When most people consider helping the poor, their thoughts don’t immediately turn to beautifully custom-designed jewelry and clothing.
Bijal Shah has made it her mission, however, to help the poor “upscale upcycling” by creating stunning dresses from used saris and donating the proceeds to India’s poor, working people. Shah promotes her clothing and jewelry line called Lallitara at Sikara & Co, a store located on Newbury Street in Boston, M.A.
Upcycling refers to the practice of converting waste materials into new, better quality materials and products in order to reduce environmental waste and conserve resources.
Shah started out her career, however, as a corporate strategist, graduating with a chemical engineering degree from University of Pennsylvania and an MBA from M.I.T. So how did she end up selling $78 upcycled dresses for charity in a boutique store in Boston?
Shah explains that, at age 25, she had a sudden change of heart, and realized that she wanted to leave the corporate world behind and start making a difference in the world. So, she packed up, moved to India, and started working to help the poor slum population gain access to electricity.
After joining a sewing class to feel more connected with the women she was working with, Shah was introduced to the Indian second hand clothing market.

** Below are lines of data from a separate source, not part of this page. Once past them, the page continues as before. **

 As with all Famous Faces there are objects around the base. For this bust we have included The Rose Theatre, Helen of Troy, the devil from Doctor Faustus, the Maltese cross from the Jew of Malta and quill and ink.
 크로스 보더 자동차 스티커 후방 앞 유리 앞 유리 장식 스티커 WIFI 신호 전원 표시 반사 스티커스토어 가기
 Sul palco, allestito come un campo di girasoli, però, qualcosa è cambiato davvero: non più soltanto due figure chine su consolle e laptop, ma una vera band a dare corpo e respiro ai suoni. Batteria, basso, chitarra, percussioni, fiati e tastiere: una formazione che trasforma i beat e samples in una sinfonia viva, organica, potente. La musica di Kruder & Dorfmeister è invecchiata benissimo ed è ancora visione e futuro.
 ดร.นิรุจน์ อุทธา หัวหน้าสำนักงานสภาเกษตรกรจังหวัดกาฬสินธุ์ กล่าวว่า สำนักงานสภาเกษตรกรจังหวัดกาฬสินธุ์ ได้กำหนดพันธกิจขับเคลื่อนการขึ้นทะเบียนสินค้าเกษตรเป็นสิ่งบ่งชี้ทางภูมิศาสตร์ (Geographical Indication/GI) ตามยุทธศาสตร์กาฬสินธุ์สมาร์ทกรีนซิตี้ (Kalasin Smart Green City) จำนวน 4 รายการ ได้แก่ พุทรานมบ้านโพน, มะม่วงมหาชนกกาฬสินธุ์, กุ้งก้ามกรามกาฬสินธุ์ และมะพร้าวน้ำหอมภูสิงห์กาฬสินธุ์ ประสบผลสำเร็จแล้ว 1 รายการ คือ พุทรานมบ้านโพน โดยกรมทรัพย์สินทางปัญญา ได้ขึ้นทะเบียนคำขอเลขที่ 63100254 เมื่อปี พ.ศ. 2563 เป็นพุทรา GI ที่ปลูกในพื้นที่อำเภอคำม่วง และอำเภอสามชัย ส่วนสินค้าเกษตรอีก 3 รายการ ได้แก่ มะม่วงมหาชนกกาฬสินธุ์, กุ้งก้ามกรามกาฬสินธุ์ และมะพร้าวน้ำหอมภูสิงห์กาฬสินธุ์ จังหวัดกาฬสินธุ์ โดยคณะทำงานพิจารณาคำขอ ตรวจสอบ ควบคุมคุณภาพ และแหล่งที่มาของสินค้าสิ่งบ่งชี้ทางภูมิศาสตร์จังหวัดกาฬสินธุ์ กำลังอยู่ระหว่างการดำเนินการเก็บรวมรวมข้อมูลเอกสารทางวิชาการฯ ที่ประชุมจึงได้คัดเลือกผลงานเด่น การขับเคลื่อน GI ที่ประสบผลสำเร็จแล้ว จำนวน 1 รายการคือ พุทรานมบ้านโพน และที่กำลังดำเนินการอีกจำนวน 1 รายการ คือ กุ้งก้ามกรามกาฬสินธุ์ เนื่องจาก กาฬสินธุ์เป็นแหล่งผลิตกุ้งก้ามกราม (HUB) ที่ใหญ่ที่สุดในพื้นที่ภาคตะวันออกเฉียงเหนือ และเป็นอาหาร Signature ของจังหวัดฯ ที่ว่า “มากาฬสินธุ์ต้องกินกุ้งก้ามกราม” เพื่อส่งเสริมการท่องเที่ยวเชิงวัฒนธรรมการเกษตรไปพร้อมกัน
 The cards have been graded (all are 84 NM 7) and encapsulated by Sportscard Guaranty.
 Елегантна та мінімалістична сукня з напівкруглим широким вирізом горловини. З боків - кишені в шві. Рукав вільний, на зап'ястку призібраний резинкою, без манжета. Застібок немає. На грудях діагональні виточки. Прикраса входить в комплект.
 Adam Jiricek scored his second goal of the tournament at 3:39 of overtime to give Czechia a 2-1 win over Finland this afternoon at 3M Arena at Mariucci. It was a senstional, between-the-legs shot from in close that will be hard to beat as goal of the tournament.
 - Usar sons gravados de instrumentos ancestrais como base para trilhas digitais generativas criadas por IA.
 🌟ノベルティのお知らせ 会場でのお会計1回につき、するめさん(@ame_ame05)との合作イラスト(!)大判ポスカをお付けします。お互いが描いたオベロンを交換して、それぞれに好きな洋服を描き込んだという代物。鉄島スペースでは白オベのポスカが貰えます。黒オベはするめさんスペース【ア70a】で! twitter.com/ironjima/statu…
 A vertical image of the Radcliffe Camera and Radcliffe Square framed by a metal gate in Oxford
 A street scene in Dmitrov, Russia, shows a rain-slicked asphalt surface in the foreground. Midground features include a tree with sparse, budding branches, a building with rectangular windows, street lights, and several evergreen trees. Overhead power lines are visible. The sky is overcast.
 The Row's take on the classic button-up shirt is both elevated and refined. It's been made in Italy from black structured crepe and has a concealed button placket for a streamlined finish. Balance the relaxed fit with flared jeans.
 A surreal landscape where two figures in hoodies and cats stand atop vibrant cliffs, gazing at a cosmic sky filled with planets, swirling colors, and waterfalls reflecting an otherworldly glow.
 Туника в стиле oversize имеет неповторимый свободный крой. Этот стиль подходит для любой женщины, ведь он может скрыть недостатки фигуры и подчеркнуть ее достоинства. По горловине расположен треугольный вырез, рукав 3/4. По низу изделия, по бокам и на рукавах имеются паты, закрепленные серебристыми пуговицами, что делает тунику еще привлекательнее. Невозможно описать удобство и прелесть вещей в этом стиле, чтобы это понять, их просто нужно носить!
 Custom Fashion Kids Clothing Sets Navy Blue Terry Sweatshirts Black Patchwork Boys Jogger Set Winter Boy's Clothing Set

After a sari she had sewed into a dress her Indian sewing class received numerous compliments from her American friends, Shah realized that she might have come up with a new idea to get Americans involved in alleviating global poverty.
Now, Lallitara is a thriving line that has expanded to include tank tops, shorts, and wristlets, with a clutch and long sleeve wrap dress in the works for the coming season.
Though Shah must keep looking forward with improving and revamping her line, her true passion lies in the social component of her fashion business. By buying the used saris directly from India at nearly three times their value and returning the line’s proceeds directly to the Indian workers, Shah is always looking for new, better ways she can help.
Shah’s innovation and drive to help the poor shows that channeling favorite American pastime – shopping – towards a good cause can be an easy, productive way to help those in need around the world.